Prepare and Run a Training Job with SageMaker Profiler:
To capture kernel runs on GPUs during the training job, modify your training script using the SageMaker Profiler Python modules. Import the library and add the start_profiling() and stop_profiling() methods to define the beginning and end of profiling. You can also use custom annotations to visualize hardware activities during specific operations. There are two approaches to profiling training scripts: profiling full functions or profiling specific code lines within functions. Examples and documentation are provided.

Configure the SageMaker Training Job Launcher:
Once you have annotated and set up the profiler initiation modules, save the training script and prepare the SageMaker framework estimator for training using the SageMaker Python SDK. Set up a profiler_config object using the ProfilerConfig and Profiler modules. Create a SageMaker estimator with the profiler_config object and other required parameters.

Start the Training Job:
Launch the training job by running the fit method on the estimator.

Launch the SageMaker Profiler UI:
When the training job is complete, you can access the SageMaker Profiler UI to visualize and explore the profile of the training job. Instructions are provided to launch the UI from the SageMaker console.

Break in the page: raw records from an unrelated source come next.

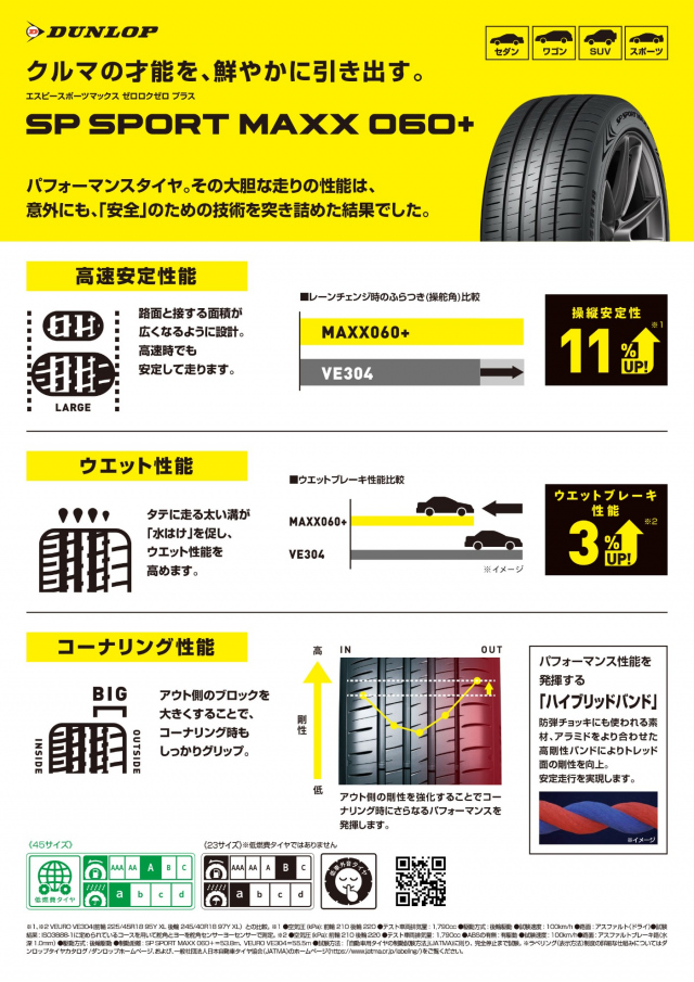 いつもタイヤセレクト泉北店をご利用有り難うございます♪ 当店おすすめ商品のご案内です♪ 高速安定性能とウエット性能に優れたプレミアムタイヤ [SP SPORT MAXX 060+]です。 ダンロップの技術が満載のタイヤです。 路...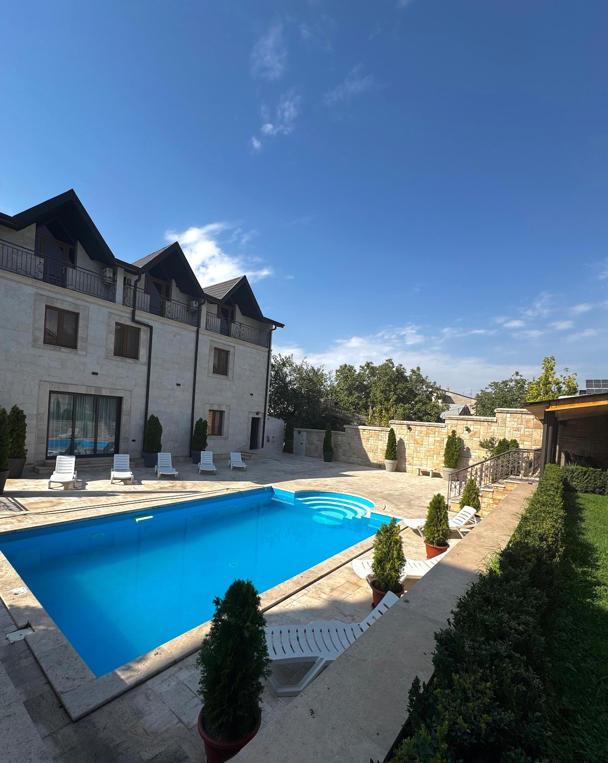 Villa De France is a newly renovated bed and breakfast in Yerevan, offering an outdoor pool, garden, terrace, and shared kitchen. Guests enjoy daily room service, free Wi-Fi, airport transfers, and car rental options. Some rooms have flat-screen TVs, and private bathrooms. On-site amenities include a café, barbecue facilities, and a gathering area. The property is located 3.5 miles from key Yerevan attractions, and Zvartnots International Airport is 9.3 miles away.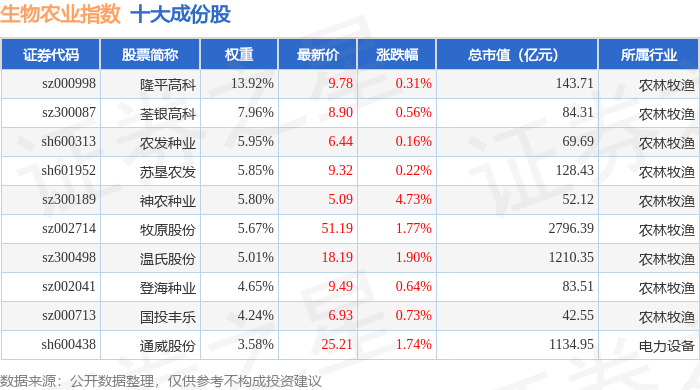 资金流向方面,生物农业(980072)指数成份股当日主力资金净流入合计6.63亿元,游资资金净流出合计9692.13万元,散户资金净流出合计5.66亿元。成份股资金流向详情见下表:

Gain Insights from the SageMaker Profiler:
Once you open the SageMaker Profiler UI, you can view a list of all submitted training jobs and search for a specific job. Load the profile of the desired job to generate the dashboard and timeline. The dashboard provides plots for key metrics such as GPU and CPU utilization over time, GPU kernel time, launch counts, step time distribution, and kernel precision distribution. These metrics help analyze GPU workload, utilization, bottlenecks, and other factors.

In conclusion, Amazon SageMaker Profiler is a powerful tool for monitoring and optimizing the resource usage of deep learning models trained on SageMaker. It provides detailed insights into CPU and GPU activities, helping ML practitioners improve efficiency and reduce costs.